Geschichte: Sieben Playoff-Serien seit 1992, 127 Spiele gegeneinander, "sie mögen uns nicht, wir mögen sie nicht" - bei Miami und Chicago kann man mittlerweile mit Fug und Recht von einer Rivalität sprechen. Selbst in der Regular Season ist die Atmosphäre eine andere, wenn diese beiden Teams gegeneinander antreten, wie zuletzt im März beim Overtime-Sieg der Bulls im United Center.

In den Playoffs hatten die Bulls in den 90ern klar die Nase vorn; zweimal sweepten MJ und Co. die Heat in der ersten Runde, 1997 gab es ein 4:1 in den Conference Finals. 2006 konnte wiederum der spätere Meister aus Miami erstmals eine Serie gegen die Bulls gewinnen, wofür es im Jahr danach aber direkt die Retourkutsche gab (Sweep in Runde eins).

Die letzten beiden Playoff-Serien 2011 und 2013 gewannen bekanntlich die Heat, allerdings war da natürlich auch noch ein gewisser LeBron James mit von der Partie. Die Rollen sind heuer anders: Die Bulls sehen sich im Osten als das beste Team und werden jede Chance nutzen wollen, um dies der dominanten Franchise der letzten vier Jahre unter die Nase zu reiben.

Rookies: Die Heat hatten sich im Draft sehr darum bemüht, Shabazz Napier zu bekommen - auch, weil LeBron ihn zu seinem Lieblingsspieler erkoren hatte. Napier ist tatsächlich Teil der Rotation, hat bisher alle Spiele mitgemacht und im Schnitt 21,4 Minuten Spielzeit bekommen. Er tat sich bisher allerdings recht schwer, was sein PER von 9,2 reflektiert. Die Heat haben sich daher am Wochenende dazu entschieden, Napier vorerst in die D-League zu schicken, wo er Selbstvertrauen sammeln und spielerisch reifen soll.

Neben ihm findet sich mit James Ennis noch ein weiterer Rookie im Kader, der bisher bis auf ein Spiel alle mitgemacht hat und im Schnitt 14 Minuten bekommt.

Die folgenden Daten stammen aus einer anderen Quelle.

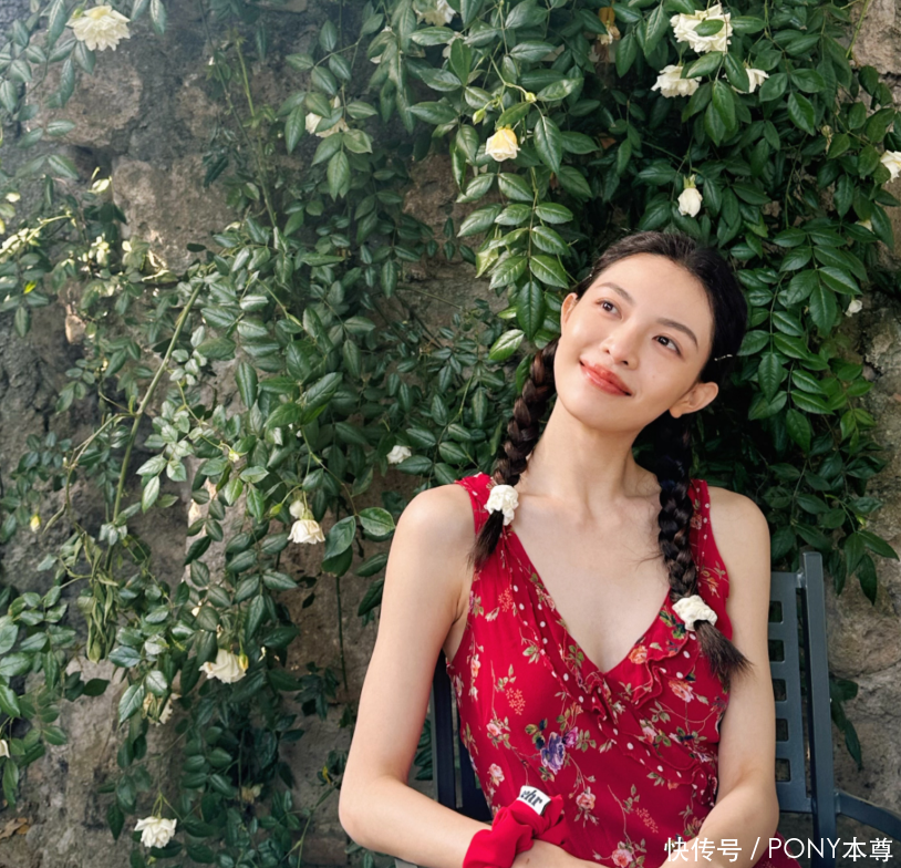 钟楚曦的双麻花辫发型,突显颈部线条,与 V 领策画造成谐和的视觉节律。妆容上,她粗略率遴荐了淡妆加握,翔实的红唇与裙身的红色稍作呼应,既提亮气色,又不会抢了裙子的风头,让举座造型恒久围绕 “红色碎花” 这一中枢张开。

Mit einem unfassbaren Dunk über Rasual Butler sorgte er immerhin schon für eins der Highlights der jungen Saison, ansonsten hält sich sein Impact bisher jedoch in Grenzen.

Die Bulls haben derweil mit Nikola Mirotic einen Rookie, der keine große Eingewöhnungszeit benötigt hat. Der Euro-Import führt alle Rookies in Sachen Player Efficiency Rating an (16,83) und ist von der Bank schon jetzt eine wichtige Option für Tom Thibodeau. Doug McDermott hatte dagegen noch Schwierigkeiten, sich ans Profi-Level zu gewöhnen. Jetzt ist er nach einer Knie-Operation ohnehin erstmal sechs bis acht Wochen außer Gefecht.

Stimmen:

Erik Spoelstra (Coach Heat) über Wade nach dem Spiel gegen Utah: "Er hat sich voll reingehangen. Wir waren ihm schon dankbar, dass er in seinem Zustand überhaupt da draußen war. Dann noch so ein Spiel zu machen, ist beeindruckend."

Tom Thibodeau (Coach Bulls) über Rose: "Wir gehen alle davon aus, dass er wieder der Alte wird. Er muss einen Schritt nach dem anderen machen. Dann gibt es keinen anderen wie ihn."

Derrick Rose (Bulls) über Mirotic: "Er hat keine Ahnung, wie gut er ist. Er ist großartig, weil er das Spiel versteht. Er ist unglaublich vielseitig."

Prognose: Für die Heat steht eigentlich mehr auf dem Spiel. Sie haben zuletzt ziemlich schlecht ausgesehen und müssen sich sogar in der miesen Eastern Conference irgendwann nach hinten umschauen, wenn sie in den Playoffs nicht in der ersten Runde rausfliegen möchten. An Motivation wird es gegen den Rivalen nicht fehlen.

Das gilt allerdings auch für die Bulls, die mit Sicherheit gerne ein Statement setzen wollen. Insgesamt hat Chicago einfach mehr Waffen und wird sich den Sieg wohl nicht nehmen lassen, zumal die Bulls auswärts bisher ohnehin besser sind als in Chicago.